In my view, this is a very complicated topic and decision. I would certainly ask your oncologists (both medical and radiation) why they are using infusional 5FU instead of Xeloda/Capecitabine. I do not think it’s simply because you have a port—I did 4 rounds of neoadjuvant FOLFOX thru a port, then CRT with Xeloda/Capecitabine, then 4 more rounds of FOLFOX. In any case, this decision should not in my view be made on that basis—it should be a medical decision, not one of convenience. There are potential medical/outcome differences between the approaches. Here’s a useful comparison:
https://journals.lww.com/md-journal/Ful ... nt.23.aspxI wonder instead if your oncologists are using infusional chemo because you are Stage 4, or because of the nature and/or location of your metastasis. I’d also be interested in why you only did three rounds of neoadjuvant FOLFOX—perhaps that is relevant?
Additionally, I saw at least one study that suggested that *switching* from infusional 5-FU to Xeloda/Capecitabine carries increased risk of significant side effects, so that should also be discussed with your doctors. I’ll link in a separate post.

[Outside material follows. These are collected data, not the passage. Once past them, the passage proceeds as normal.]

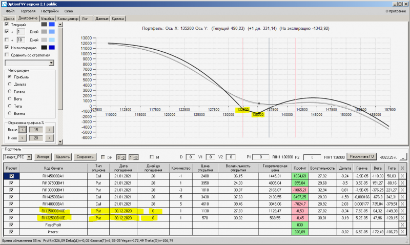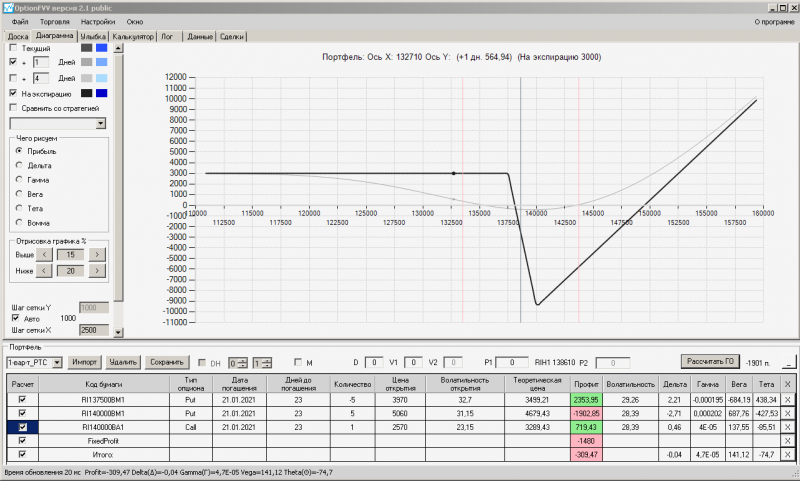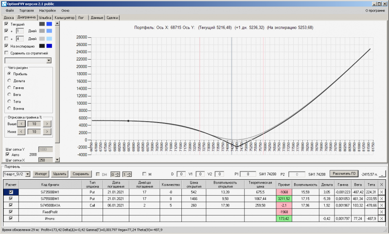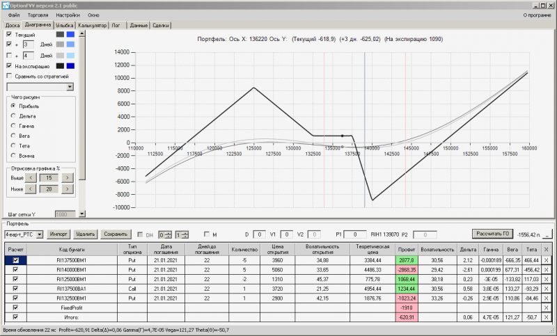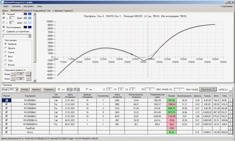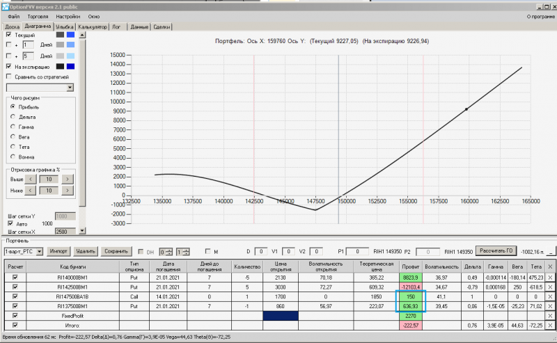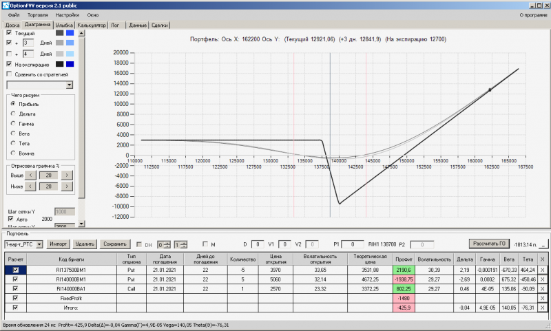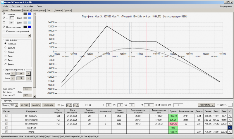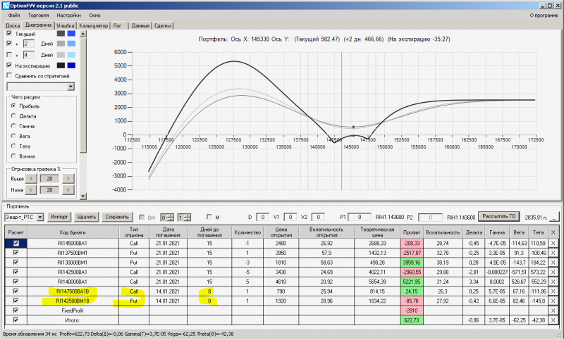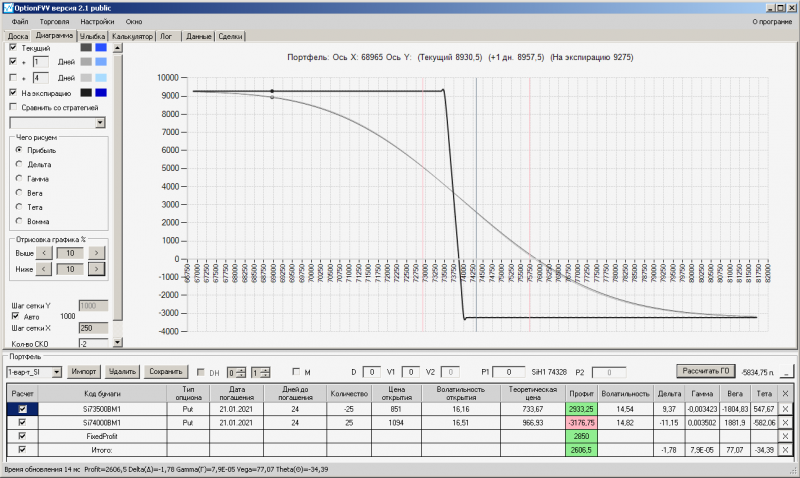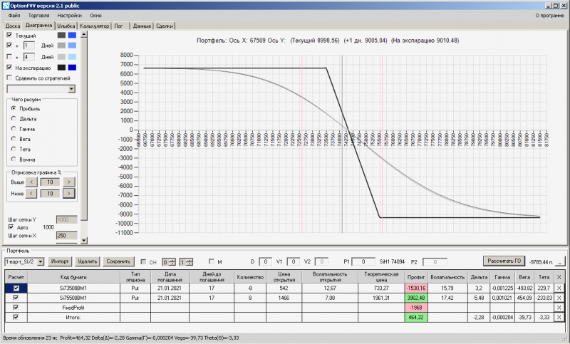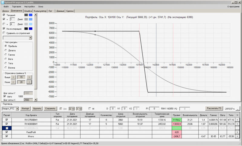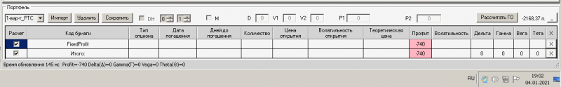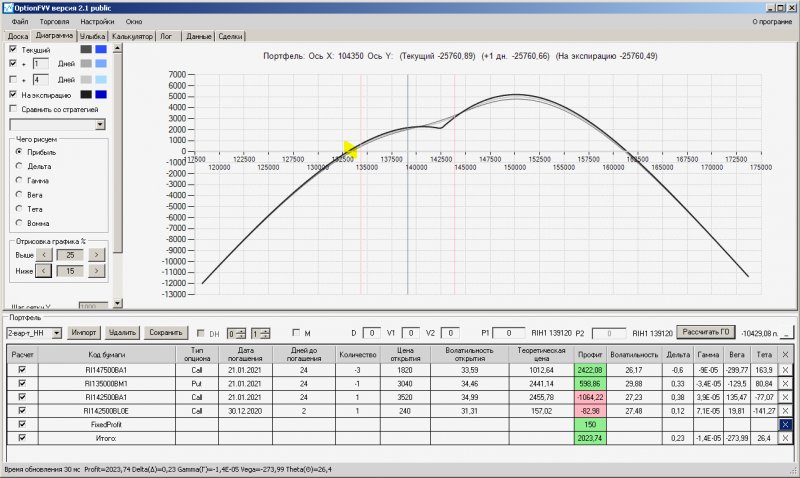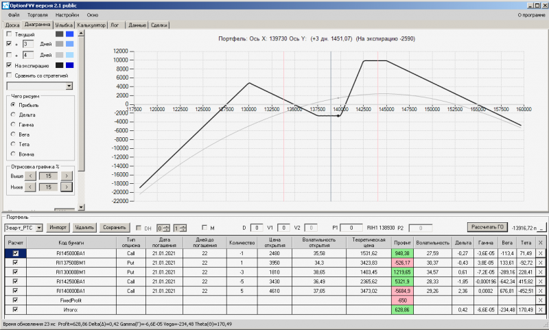 пут-спред с временно отключенной страховкой, у него текущая цена фьючерса ушла вправо, посмотрю что завтра будет, пока страховка около нуля ни прибыли ни убытка по ней, может завтра что нибудь изменится.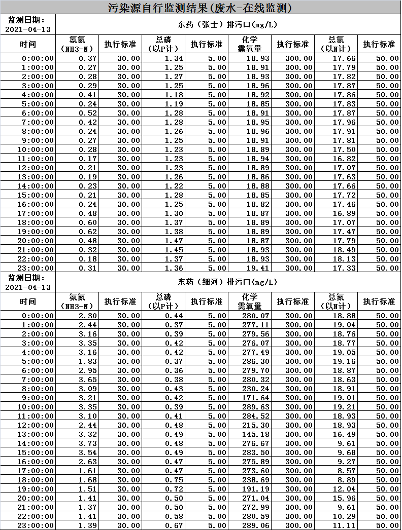 東北制藥集團股份有限公司環(huán)境監(jiān)測數(shù)據(jù)-2021.4.13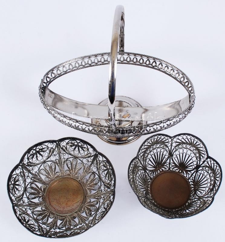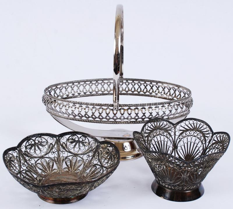 Leírás: 2 db filigrán fém kosárka + fém füles kosár üveg nélkül, d:11 és 13 cm, h:22 cm és m:20 cm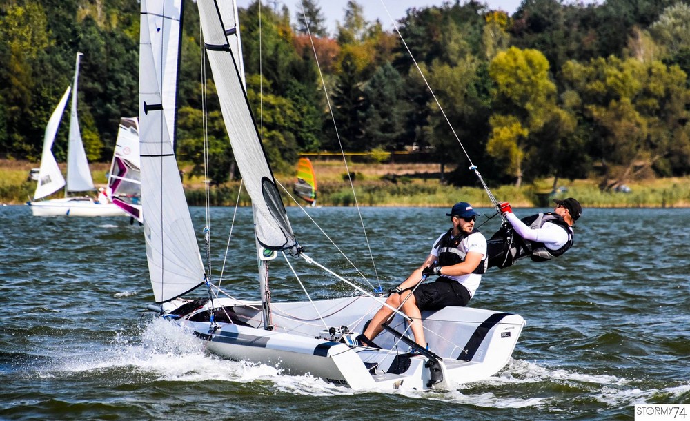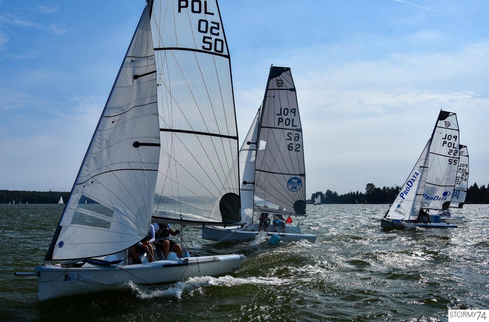 Dzień drugi Mistrzostw stał pod znakiem podobnej, zmiennej pogody, która nie była łatwa dla startujących załóg. Nie obyło się bez spektakularnych wywrotek. Był to też dzień teamu North Sails, który wygrał wszystkie wyścigi, choć nie było to wcale proste ani oczywiste, bo stawka tasowała się w zasadzie cały czas, np. w drugim wyścigu prowadzenie zmieniało się trzy razy pomiędzy załogami North Sails, Nawrocki/Dzierżewicz Sailing Team i HRM Racing Team.

I will add that for me Capecitabine felt like a vacation in comparison to infusional 5-FU (with or without Oxaliplatin). Super easy to tolerate if taken correctly with basically zero side effects at the CRT dosage (I took extra weeks of it before and after CRT as well). I ended up with a “near complete clinical response.” And I found that cancer focuses the mind pretty well on remembering to take it. But see above re: “switching.”
So my bottom line is: Get informed and ask your team what their rationale is. Once you’ve got that info, you will be in a position to decide what to do.